- _PROBLEM TO SOLVE_
Exact duplicates of the lines from the top of the data through the line containing "Nhưng, may thay, Zezé" are needed, with every picture left out.

Items from a dataset
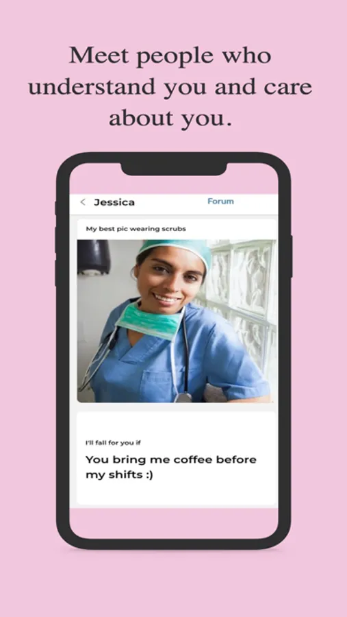 The best way for people working in healthcare to meet, connect, and feel understood. We know how hard it is to care for others, and we want you to have support!
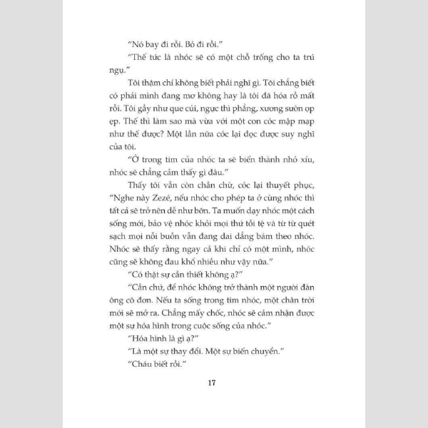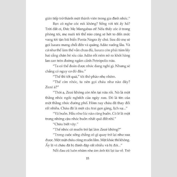 Nhưng, may thay, Zezé đã tìm được những người bạn mới – cả ở đời thực lẫn trong tưởng tượng – luôn thấu hiểu và sát cánh bên cậu, cùng cậu đi qua hết thày những niềm vui cùng nỗi buồn, những khổ sở, thất vọng, những phiêu lưu mạo hiểm, giúp cậu đối thoại với cuộc sống muôn màu muôn vẻ, với nội tâm đầy mâu thuẫn và đồng thời với cả nỗi buồn thương sâu thẳm trong tâm hồn.
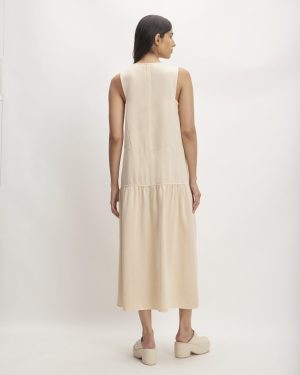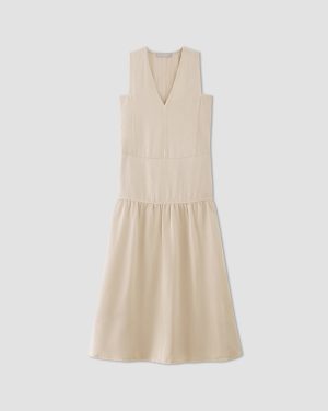 The TENCEL™ V-Neck Dress plays to chic minimalism with a little extra flair. In a relaxed fit. this sleeveless dress has a deep V-neckline. dropped waist panel. with side panels for gentle structure. plus on-seam pockets. Made with our buttery soft TENCEL™ Lyocell for that touch of polish. Known for its lightness and versatility. TENCEL™ Lyocell is a man-made cellulosic fiber extracted from PEFC and FSC-certified responsible wood sources. It offers the same exceptional softness as conventional cotton while using less energy and water in the production process.
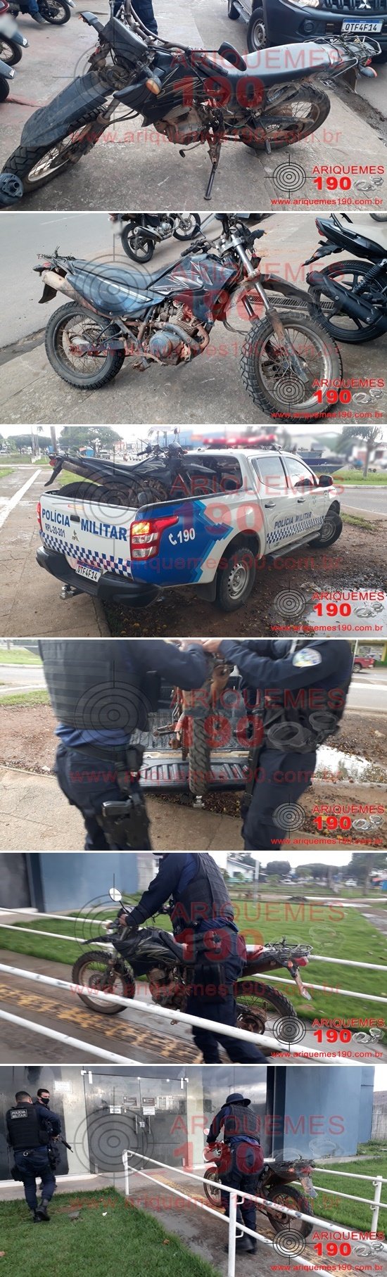 Eram por volta das 18h20m desta quarta-feira, 03/03, quando a Central do 7° Batalhão da Polícia Militar (BPM) foi acionada, para comparecer em um estabelecimento comercial situado na Av. Candeias do Bairro BHN em Ariquemes/RO, pois um indivíduo havia deixado uma motocicleta Yamaha/XYZ de cor preta sem placa no estabelecimento, para realizar um orçamento e não retornou mais. De posse dessas informações, uma guarnição da Polícia Militar, composta pelos policiais: 3º Sgt. Salton, SD Devanilson e SD Benites, se deslocou até o local, onde ao chegar, realizou consulta veicular a motocicleta, a qual possuía restrição de Roubo/Furto. Mediante aos fatos e constatações, a motocicleta foi apreendida para o pátio da Unidade de Segurança Pública (UNISP), onde o Boletim de Ocorrência Policial (BOP) foi registrado, para tomadas de providências posteriores.
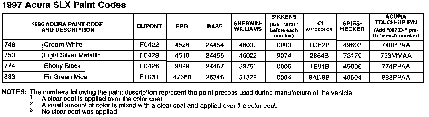 1997 Acura Paint Codes
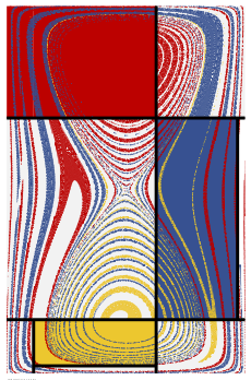 These pictures were made by computing particle pathlines in a closed box. Stokes flow is driven by lateral motion of the top and bottom surfaces, which creates a vortex pair having two lobes enclosed by a streamline in the shape of a figure eight or hourglass, as shown below. Strictly speaking the U velocity is parabolic rather than constant along the top and bottom surfaces. I do this to avoid a discontinuity at the corners. The result is a smoother flow better suited to this type of visualization.
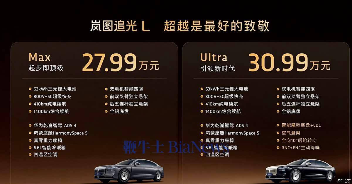 嵐圖汽車旗下全新旗艦轎車——追光L今日正式登陸市場,推出Max版與Ultra版兩款車型,售價分別為27.99萬元和30.99萬元。作為品牌年度重磅產(chǎn)品,新車以“東方旗艦美學(xué)”為設(shè)計語言,將文化底蘊與尖端科技深度融合,旨在重新定義中國高端豪華轎車的價值標(biāo)準(zhǔn)。
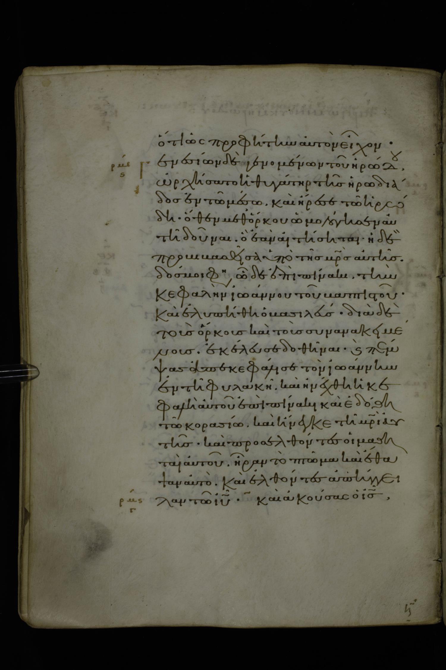 Eleventh century minuscule of Gospels on parchment; 370 leaves, 1 column, 20 lines per column. Images were taken at the National Library of Greece in Athens.
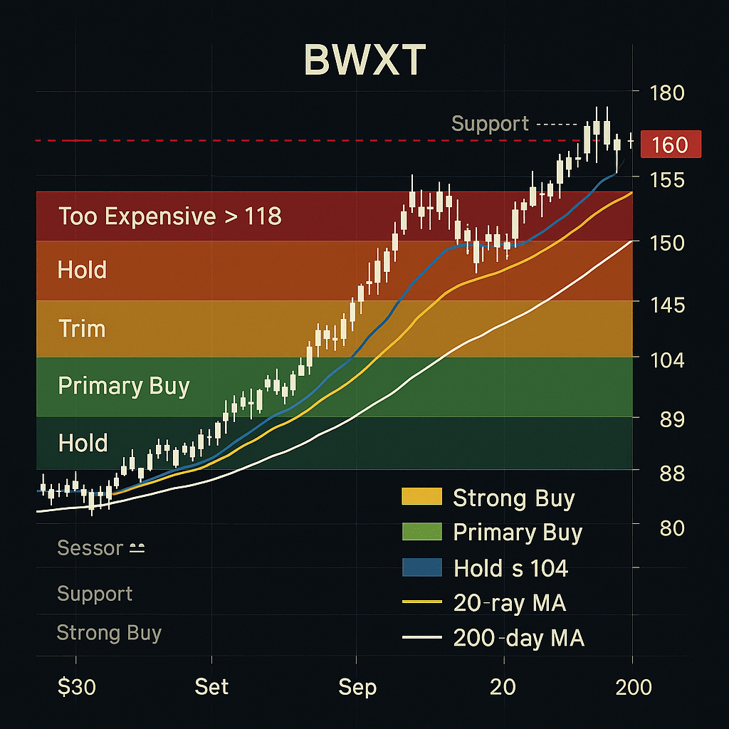 Our recommendation reflects valuation discipline rather than business skepticism: hold existing positions with covered call overlays, trim on strength above $160, and prepare to add aggressively if pullbacks create entry opportunities in the $80s. Great businesses at great prices beat great businesses at any price, and BWXT currently falls in the latter category.
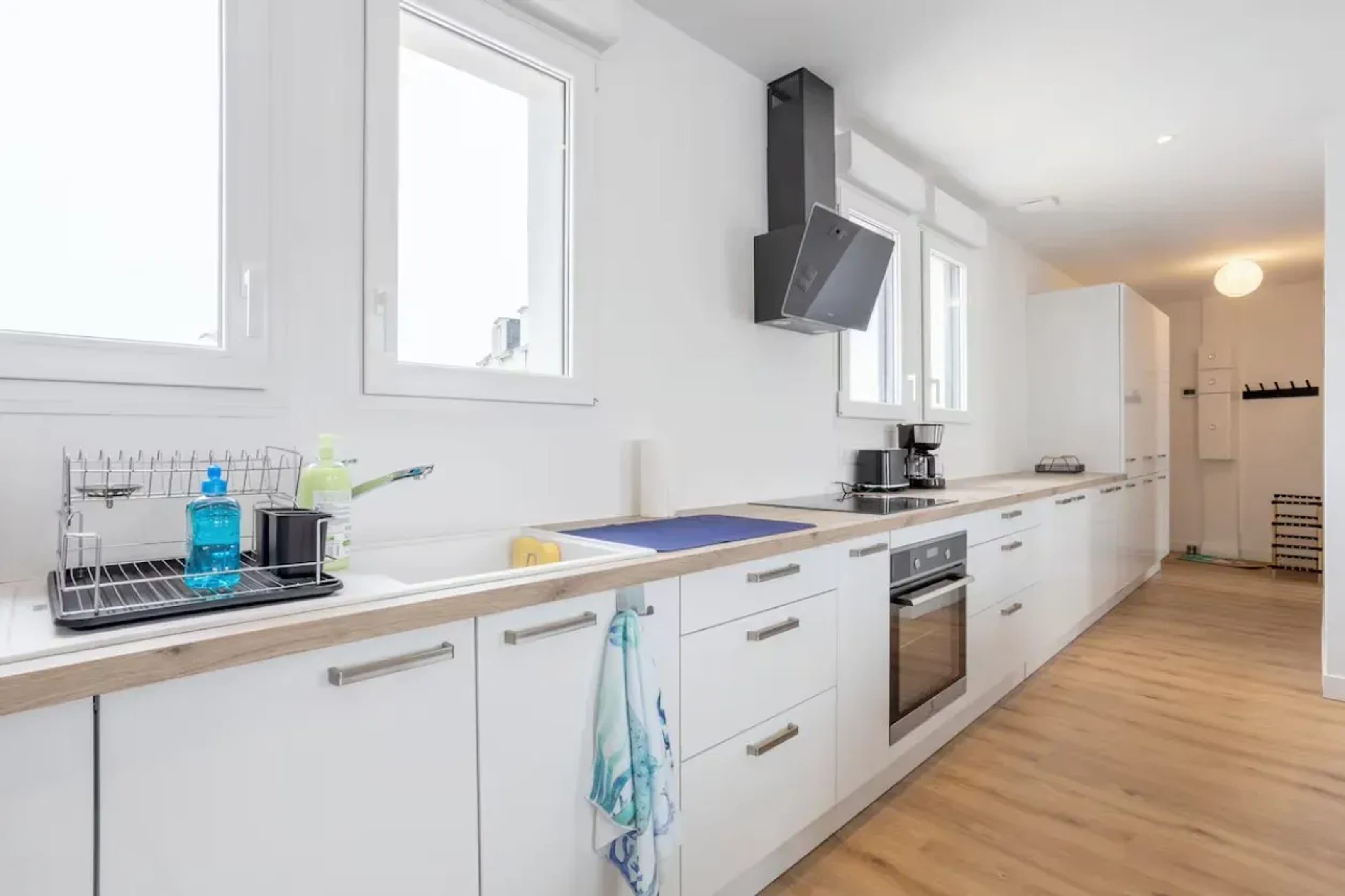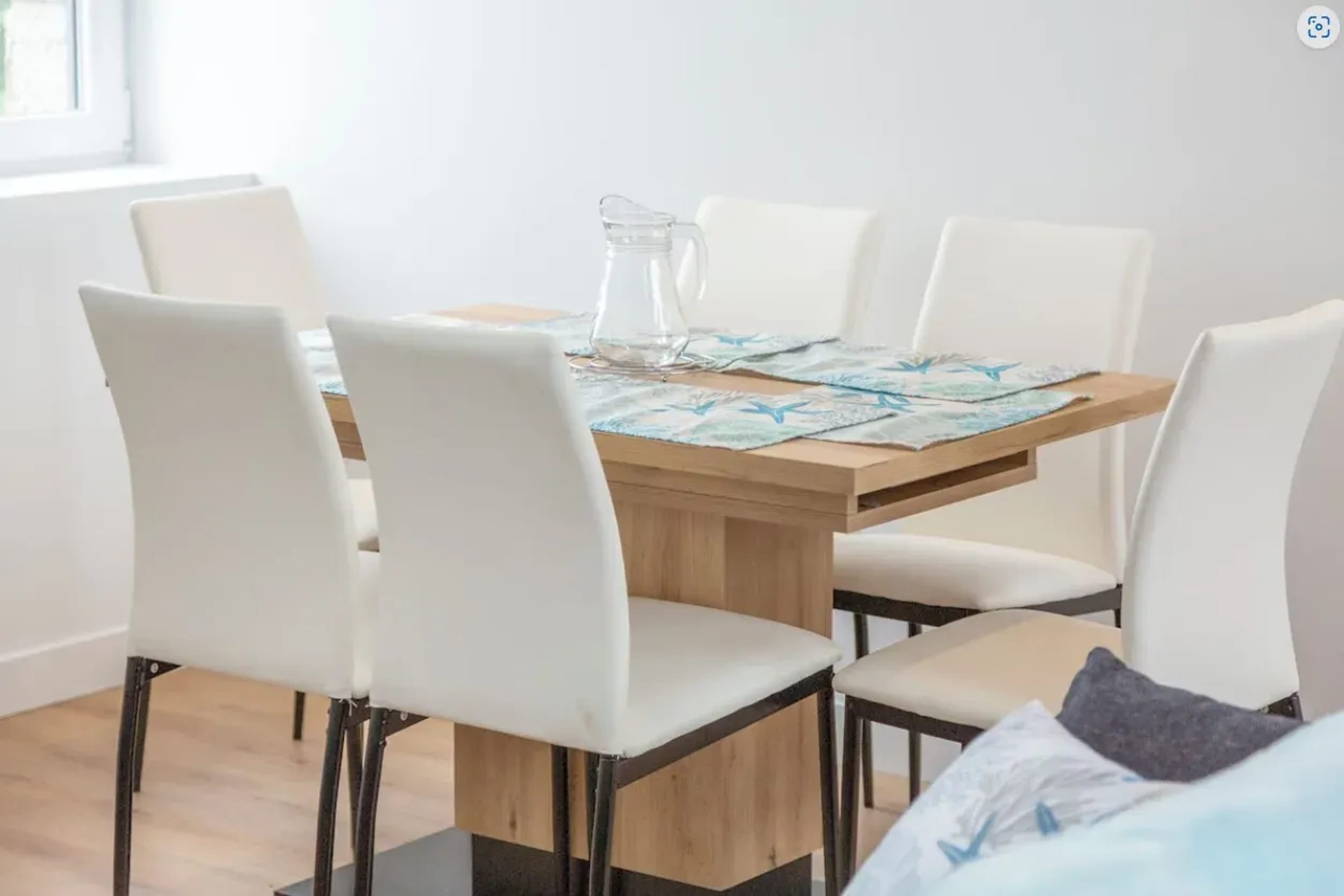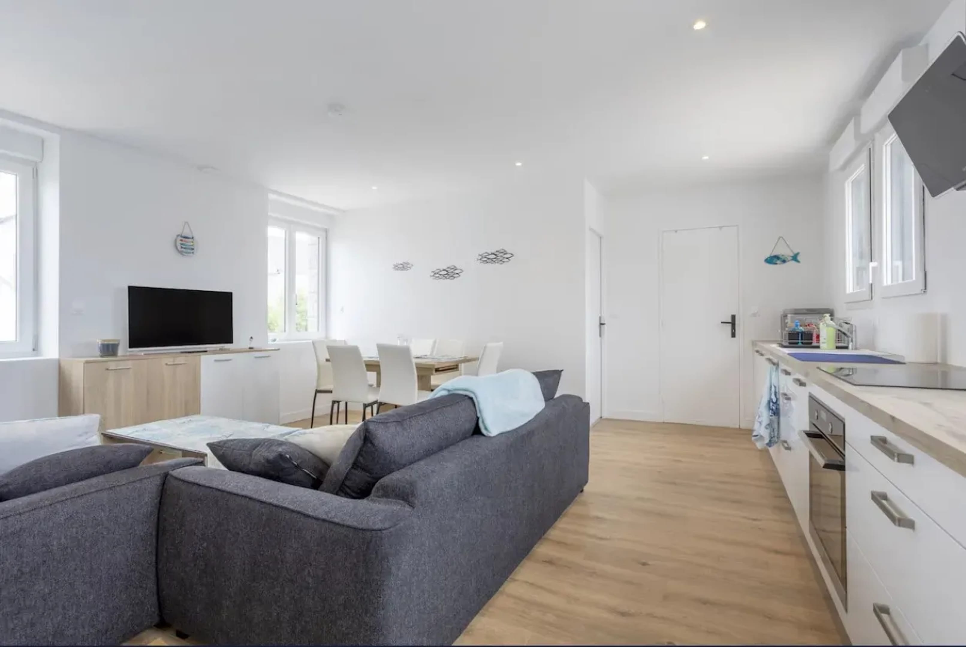 Le salon spacieux est l'endroit idéal pour se retrouver, agrémenté d'un confortable canapé pour des soirées cinéma en famille. La cuisine entièrement équipée offre tout le nécessaire pour préparer de bons repas, avec une table de repas accueillante pour des moments conviviaux. L’ambiance chaleureuse de cet espace commun saura vous séduire.

- _OUTPUT OF THE TASK_
 The best way for people working in healthcare to meet, connect, and feel understood. We know how hard it is to care for others, and we want you to have support!
 Nhưng, may thay, Zezé đã tìm được những người bạn mới – cả ở đời thực lẫn trong tưởng tượng – luôn thấu hiểu và sát cánh bên cậu, cùng cậu đi qua hết thày những niềm vui cùng nỗi buồn, những khổ sở, thất vọng, những phiêu lưu mạo hiểm, giúp cậu đối thoại với cuộc sống muôn màu muôn vẻ, với nội tâm đầy mâu thuẫn và đồng thời với cả nỗi buồn thương sâu thẳm trong tâm hồn.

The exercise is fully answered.